“There was once an Indian village here, called Tolomato, and a mission chapel; the bell is supposed to have come from the chapel.”
“Is that the chapel?” asked Mokes, pointing to a small building on the far side of the cemetery. He was getting on famously, he thought, quite historical, and that sort of thing.
“No; that is a chapel erected in 1853 by Cubans to the memory of Father Varela. The old Tolomato chapel was—was destroyed.”
“How?” inquired Mokes.
John glanced toward Sara with a smile. “Oh, go on,” she said, “I am quite prepared! A massacre, of course!”
“Yes, a massacre. The Indians stole into the chapel by night, and finding Father Corpa engaged in his evening devotions, they slew him at the altar, and threw his body out into the forest, where it could never afterward be found. The present cemetery marks the site of the old mission, and bears its name.”
Mokes, having covered himself with glory, now led the way out, and the party turned homeward. Sara and I lingered to read the Latin inscription over the chapel door, “Beati mortui qui in Domino moriuntur.” John beckoned us toward a shadowed corner where stood a lonely tomb, the horizontal slab across the top bearing no date, and only the initials of a name, “Here lies T—— F——.”

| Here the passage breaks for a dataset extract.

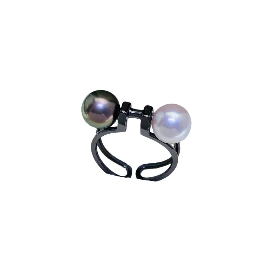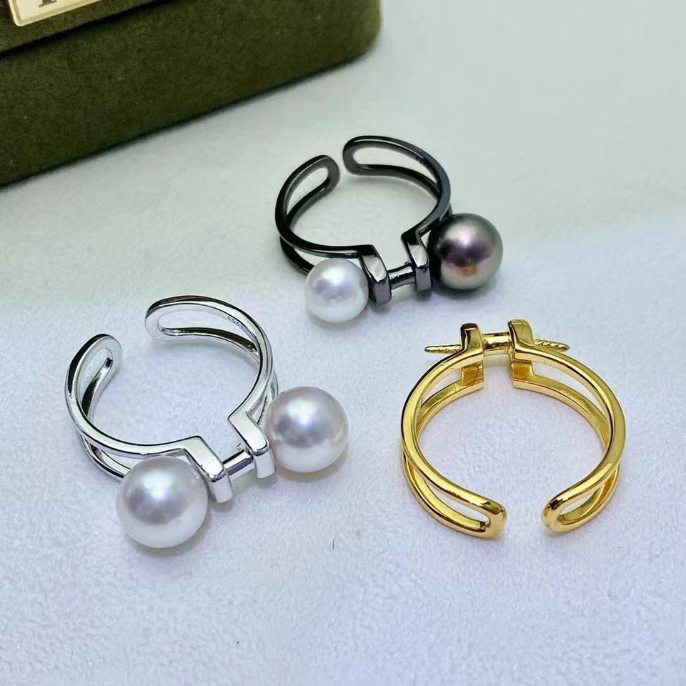 อุปกรณ์ทำแหวนไข่มุกเงินแท้ S925 สำหรับผู้หญิง ลูกปัดกลมขนาด 7-9 มม. บนฐาน 10154 แบบสองชั้น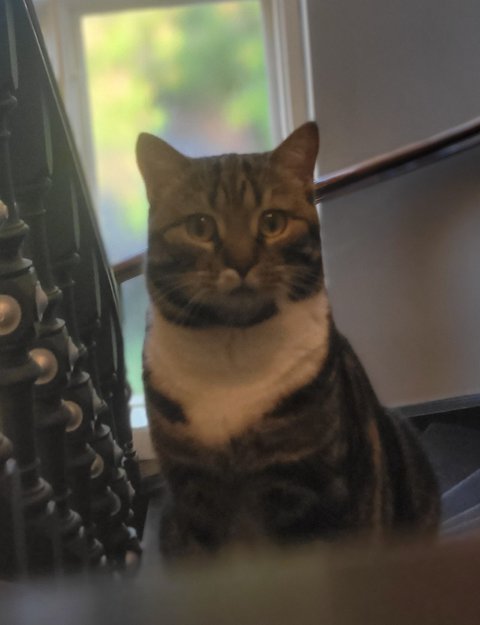 The one-year-old cat escaped from the apartment on May 20, 2025, around 5 p.m. He is an indoor cat and is not used to being outside. He may be frightened by people, noise, and weather conditions.

“Poor fellow!” said John, “he died by his own hand, alone, at night, on this very spot: a young Frenchman, I was told, but I know nothing more.”
“Is not that enough?” I said. “There is a whole history in those words.”
“There was once a railing separating this tomb from the other graves, as something to be avoided and feared,” said John; “but time, or perhaps the kind hand of charity, has removed the barrier: charity that can pity the despairing, suffering, human creature whose only hope came to this—to die!”